WHY AN OPEN-SOURCE PLATFORM?
Speaker and language detection systems have greatly improved in the last few decades. The performance observed in the NIST Speaker Recognition and Language Recognition Evaluations demonstrates the achievements of the scientific community to make systems more accurate and robust to noise and channel nuisances. These advancements lead to two major results in terms of system development. First, automatic systems are more complex and the probabilistic model training requires a huge amount of data that can only be handled through parallel computation. Second, evaluating system performance calls for enormous numbers of trials to maintain confidence in the results and provide statistical significance when dealing with low error rates. ALIZE offers a simple solution to tackle these issues by providing a set of free efficient multi-platform tools that can be used to build a state-of-the-art speaker or language recognition system.
ALIZE has been initiated by the University of Avignon – LIA in 2004. Since then, many research institutes and companies have contributed to the project. This collaboration is facilitated by a number of tools available from the ALIZE website: (http://alize.univ-avignon.fr/)
- Online documentation, wiki and tutorials
- Doxygen developer documentation to familiarize with the low level API
- A mailing list to be informed of the latest novelties and receive support from the community
- An SVN server to download the latest version of the source code
- A download platform to get the latest release of the toolkit
A LinkedIn group is also available to provide a means to learn about the facilities and people involved in the field of speaker recognition.
The ALIZE project consists of a low level API (ALIZE) and a set of high level executables that form the LIA_RAL toolkit. The ensemble makes it possible to easily set up a speaker recognition system for research purposes as well as develop industry based applications.

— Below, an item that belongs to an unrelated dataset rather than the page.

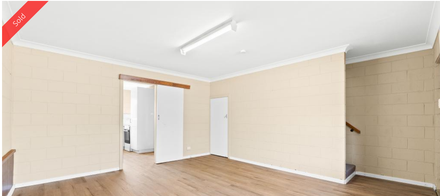
Unit 13, 67 Evans St, Moruya

LIA_RAL is a high level toolkit based on the low level ALIZE API. It consists of three sets of executables: LIA_SpkSeg, LIA_Utils and LIA_SpkDET. LIA_SpkSeg and LIA_Utils respectively include executables dedicated to speaker segmentation and utility programs to handle ALIZE objects while LIA_SpkDet is developed to fulfil the main functions of a state-of-the-art speaker recognition system as described in the following figure.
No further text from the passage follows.